- 1 Definition
- 2 Application areas of data mining
- 3 Methods of data mining
- 4 Data mining and big data
- 5 Possible problems with data mining
- 6 Related links
- 7 Similar articles
Data mining is an interdisciplinary branch of computer science with the goal of using statistical and mathematical methods to extract patterns, correlations, or developmental tendencies from a data set. The information is then transformed into an understandable structure for further use. Data mining is the analysis step within a process called "Knowledge Discovery in Databases".
Application areas of data mining
Text mining is an application of data mining which uses statistical and linguistic methods to capture and visually process information from natural-language and unstructured sources.
Another application of data mining is financial data analysis, which can predict loan repayment probability, analyze creditworthiness, classify and cluster customers for targeted marketing, and detect money laundering and other financial crimes.
In marketing and commerce, data mining is used to evaluate large amounts of data in the fields of sales, purchase history, goods transport, consumption, and services. Data mining helps to identify customer buying patterns and trends through multidimensional analysis of sales, customers, products, time, and region. This information can be used to improve customer service and strengthen customer loyalty and satisfaction.
Data mining is also used in intrusion detection systems for networks. Intrusion refers to any action that threatens the integrity, confidentiality, or availability of network resources. With the increased use of the internet and availability of tools to invade and attack networks, intrusion detection through the analysis of large amounts of data has become an important part of network administration.
Methods of data mining
Data mining uses different methods for data analysis depending on the database and the requested information.
Recognizing patterns in data sets is one of the most basic techniques in data mining. Pattern recognition can reveal repetitions, regularities, and especially conspicuous deviations in data sets. This helps with detecting fraudulent activities or, as in the case of Crime Analytics, making predictions about the next crime scene.
Classification means that items from data collections are categorized. This is useful, for instance, to assign low, medium, or high credit risk to bank customers. Based on this information, a credit institute might calculate the interest rate on a loan, for example.
Association analysis is about uncovering hidden data relationships by searching data for events that are correlated with another event. Examples include the joint purchase of different products by a customer or increased sales of certain products before public holidays or during major sporting events.
Outlier detection is used to detect anomalies in data sets. This can be used, for example, to find out why individual products are more in demand on specific weekdays or occasions than the rest of the time.
Clustering in data mining refers to a process that creates classes with similar objects from a set of abstract objects in a database. With clustering you can, for example, group customers with similar purchasing behavior.

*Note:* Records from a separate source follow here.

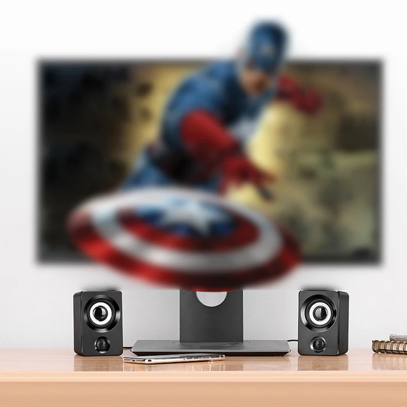 [Богатый и сильный стереозвук] Встроенный два громкоговорителя диафрагмы и сабвуфер мультимедиа колонки, ноутбук USB колонки обеспечивают чистый богатый и сильный стерео звук для вашего компьютера, превратите ваш настольный компьютер или ноутбук в конечную звуковую систему. Эти компьютерные колонки с питанием от USB наполнят комнату музыкой, фильмами или компьютерными играми.
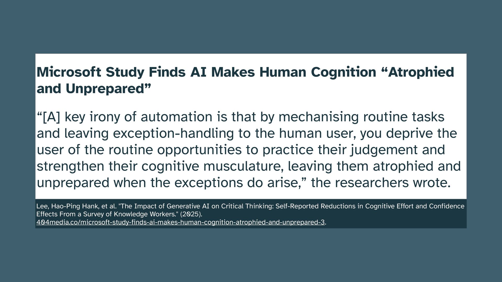 “[A] key irony of automation is that by mechanising routine tasks and leaving exception-handling to the human user, you deprive the user of the routine opportunities to practice their judgement and strengthen their cognitive musculature, leaving them atrophied and unprepared when the exceptions do arise,” the researchers wrote. Lee, Hao-Ping Hank, et al. "The Impact of Generative AI on Critical Thinking: Self-Reported Reductions in Cognitive Effort and Confidence Effects From a Survey of Knowledge Workers." (2025). 404media.co/microsoft-study-finds-ai-makes-human-cognition-atrophied-and-unprepared-3.
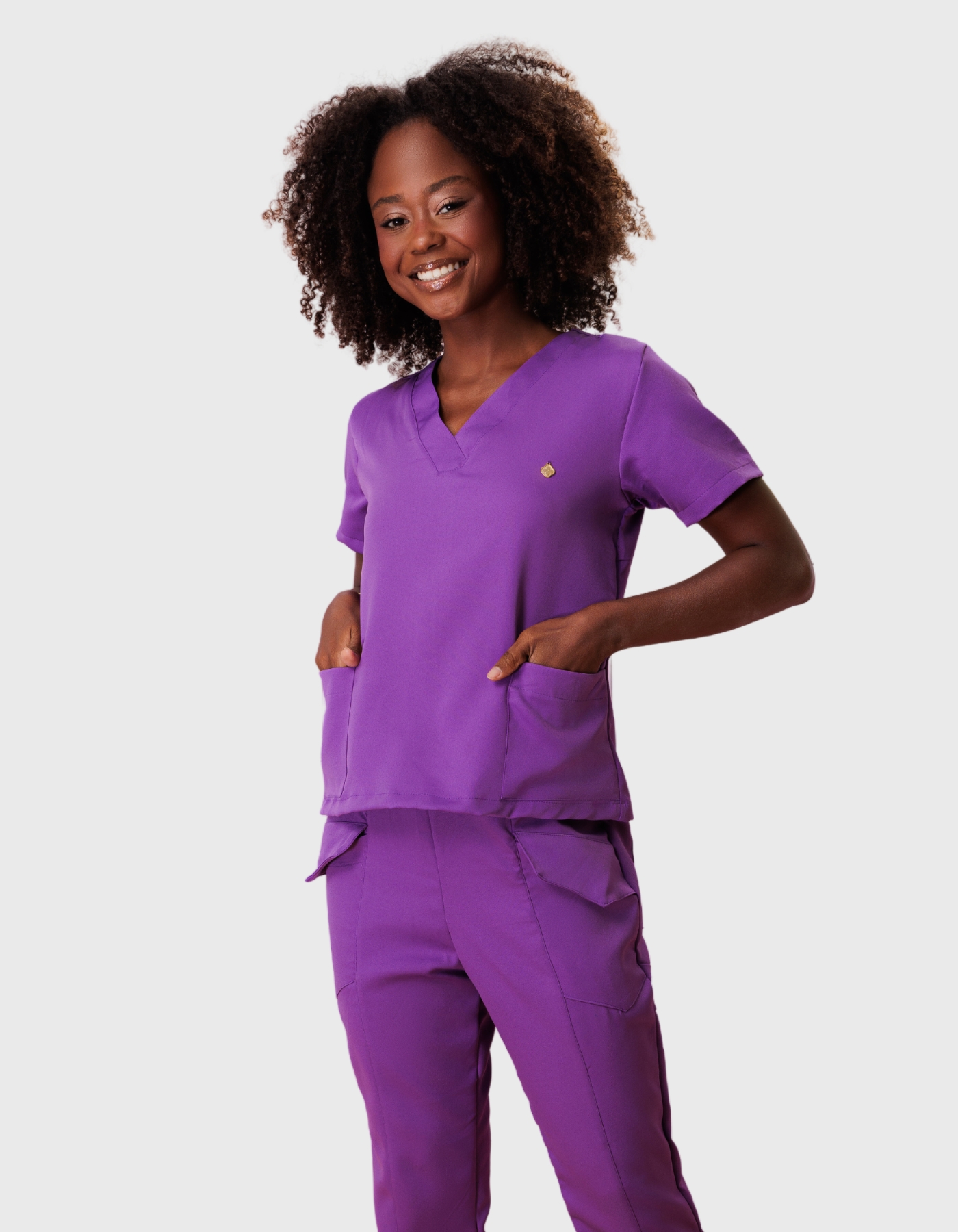 Scrub Feminino Sophia é a evolução do "pijama cirúrgico" com modelagem slim e caimento perfeito, trazendo um visual moderno para seu look do dia-a-dia.
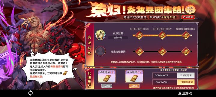 VVWJMCHJ#梦幻模拟战兑换码 #梦幻模拟战手游 猛将归来!巴尔加斯浴火重生!全新LLR英雄炎龙破灭者震撼来袭,万圣节主题活动开启,超多福利等你来拿!点击链接进入梦幻模拟战,响应炎龙团长的号召,领取圣魔券奖励吧!活动链接https://www.zlongame.com/next/actv/27/2024/recall1031/share/index.html?roleName=%E6%88
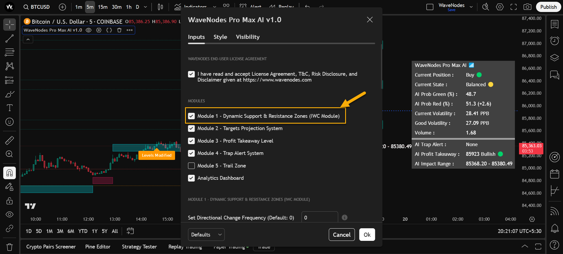 - 5Select the WaveNodes modules you wish to apply to the chart
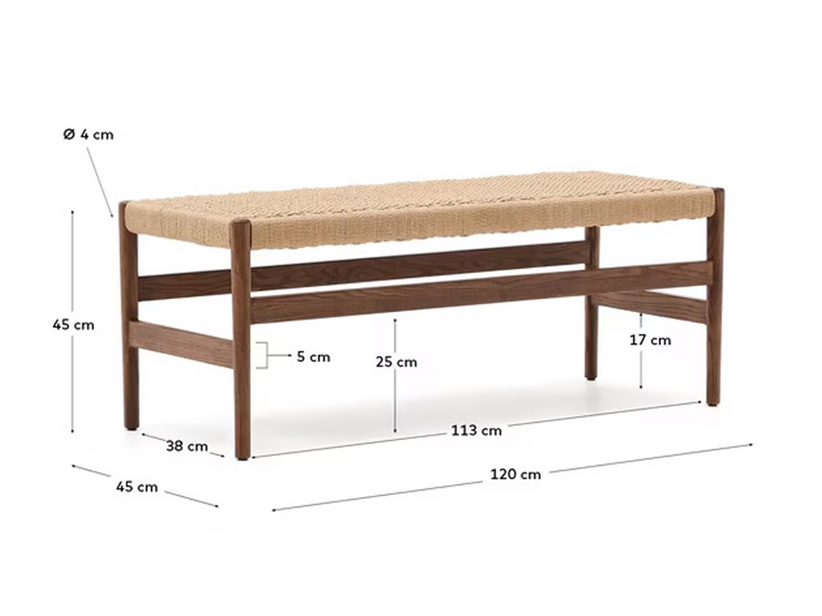 オーク無垢材のフレームにペーパーロープの座面を組み合わせたベンチ。自然素材ならではの温かみと手仕事による繊細な表情が魅力で、ナチュラルで伝統的なデザインが空間に上質な雰囲気をもたらします。座面は手編みのペーパーロープで仕上げており、ほどよい弾力と柔らかさで座り心地も快適です。

Regression analysis or correlation analysis is a method used in statistics to analyze a variable's dependence on changes in other variables. For example, regression analysis can show the dependency of a product price on the availability of the product or on a changed competitive situation.
Predictive analytics provides a method for creating new data models based on historical data. One use of these models could be predicting future purchasing behavior or the development of a business unit.
Data mining and big data
Big data refers to very large volumes of structured, semi-structured, and unstructured data. Usually, data volumes greater than or equal to 1 TB are called big data. In general, three basic characteristics - volume, velocity, and variety - are used to identify big data. Volume describes the amount of data, velocity is the speed at which the data is generated, and variety is an expression of the diversity of data types and sources that make up big data. As with the analysis of smaller data sets, data mining allows you to extract useful information from big data.
Possible problems with data mining
The information obtained through data mining is only as reliable as the underlying data. Poor data quality with meaningless data (noisy data), missing, inaccurate, or false values, as well as insufficient amounts of data can lead to misinterpretations. The integration of contradictory or redundant data from different sources such as multimedia files, geodata, texts, or social media can also lead to problems when evaluating it.
Data protection and data security are also well-known problem areas. For example, if legal requirements are not met, data mining can lead to serious problems regarding data governance, security, and data protection. You also need to ensure that your customers' data is protected from unauthorized third-party access.